# ASUS P5K IDE-problem.



## ThomasB (Feb 4, 2008)

I just upgraded my computer with a Asus P5K motherboard and Intel Duo 2.66 ghz.

The problem is that I can't get it to find my IDE DVD's. They don't show up in Windows and I can't find them in BIOS. Have tried different IDE-cables, and also just connecting one of the drives, still no result. So, is there anything else that I can try? As I understand there are a lot of problems with this board and IDE-devices. But I'm not really in the mood to run of and buy SATA DVD's.

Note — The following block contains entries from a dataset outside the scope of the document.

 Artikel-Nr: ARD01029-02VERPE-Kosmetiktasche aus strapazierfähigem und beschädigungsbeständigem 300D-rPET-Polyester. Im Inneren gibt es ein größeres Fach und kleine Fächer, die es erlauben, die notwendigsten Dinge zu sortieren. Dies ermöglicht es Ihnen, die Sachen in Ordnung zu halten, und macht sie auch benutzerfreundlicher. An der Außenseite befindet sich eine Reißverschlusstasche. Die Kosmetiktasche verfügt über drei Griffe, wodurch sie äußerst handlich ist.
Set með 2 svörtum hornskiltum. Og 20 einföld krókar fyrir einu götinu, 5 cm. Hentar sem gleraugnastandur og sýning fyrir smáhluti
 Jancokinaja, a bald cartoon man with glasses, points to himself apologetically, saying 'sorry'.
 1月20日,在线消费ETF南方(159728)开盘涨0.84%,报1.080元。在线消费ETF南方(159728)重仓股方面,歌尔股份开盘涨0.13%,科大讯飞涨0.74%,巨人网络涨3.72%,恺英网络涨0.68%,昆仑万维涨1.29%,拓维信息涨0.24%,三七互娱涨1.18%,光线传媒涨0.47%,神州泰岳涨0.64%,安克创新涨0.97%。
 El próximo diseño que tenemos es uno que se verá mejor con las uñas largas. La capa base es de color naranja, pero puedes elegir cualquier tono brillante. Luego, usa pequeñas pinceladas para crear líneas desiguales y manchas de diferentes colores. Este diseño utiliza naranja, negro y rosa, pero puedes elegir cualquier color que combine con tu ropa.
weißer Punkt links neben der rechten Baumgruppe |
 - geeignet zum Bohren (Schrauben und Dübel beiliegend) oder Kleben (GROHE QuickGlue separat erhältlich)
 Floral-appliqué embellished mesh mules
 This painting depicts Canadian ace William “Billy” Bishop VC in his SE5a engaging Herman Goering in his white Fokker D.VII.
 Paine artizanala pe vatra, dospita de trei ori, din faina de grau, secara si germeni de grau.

Thankful for help, and if you need more info let me know.


----------



## dai (Jul 2, 2004)

is this a plain P5K m/b
check the drive is jumpered as master
check the ide is enabled in the bios
you have run the m/b setup disk
click on the ide listing in the device manager and see if it lists a problem


----------



## ThomasB (Feb 4, 2008)

Yes, it's a plain P5K board. And I have checked that the drives are set as masters, even tried cable select. 
And where exactly do I enable IDE in bios? Can't find it anywhere and no clue from the instructions either. 

And I can't run the m/b set up disk, because the DVD isn't reconised by the computer. 

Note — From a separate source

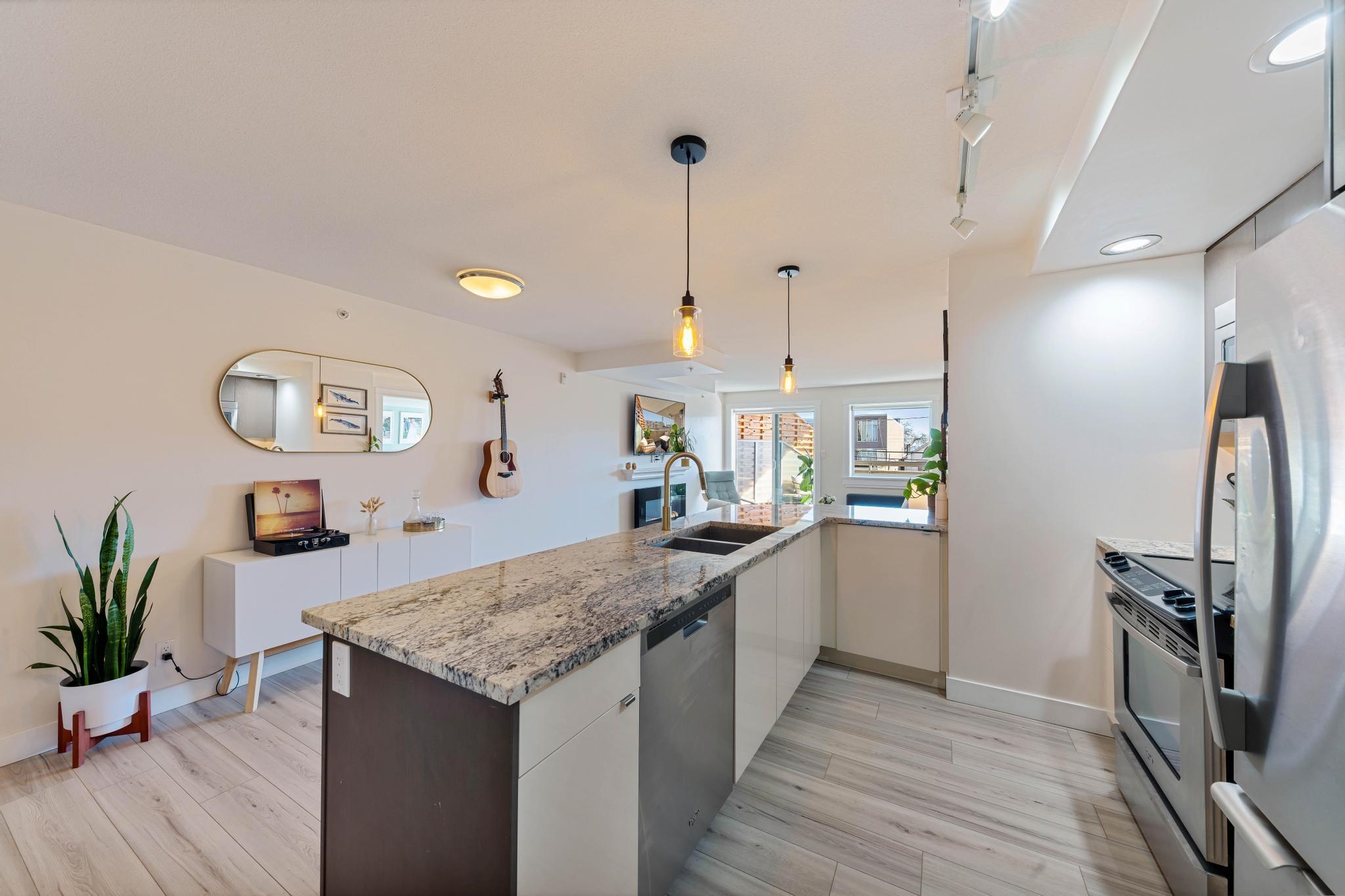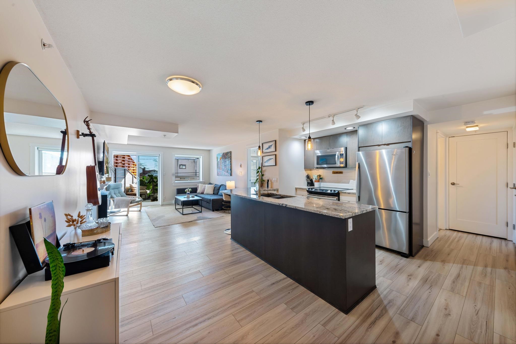 Classy 1 bed/1 bath executive condo only steps away from the beach and boardwalk of White Rock! Enjoy walking alongside the ocean with quick access to a variety of retail shops/restaurants, and summer days at the beach while living at Sausalito. This spacious, former show home was recently updated with new flooring, new light fixtures, faucets, and fresh paint throughout. Sausalito is a quiet, concrete building featuring granite countertops, stainless steel appliances, in-suite laundry, heated tile flooring...

No ide-faults listed in the device manager.


----------



## dai (Jul 2, 2004)

in the bios if it is set to auto detect change it to cdrom


----------



## ThomasB (Feb 4, 2008)

dai said:


> in the bios if it is set to auto detect change it to cdrom


As I said, where in the bios do I find these settings? The only ones I find regards SATA-drives, nothing for IDE.

And while I'm at it I should mention that I can't get the onboard LAN to work either...


----------



## dai (Jul 2, 2004)

recheck the jumpers on the drives
for onboard lan go into the advaced page and onboard devices config and enable it
check pnp enabled
check what you can see listed in the boot order


----------



## Amrish (May 6, 2005)

you will have to enable jmicron ide controller in deviced in the bios


----------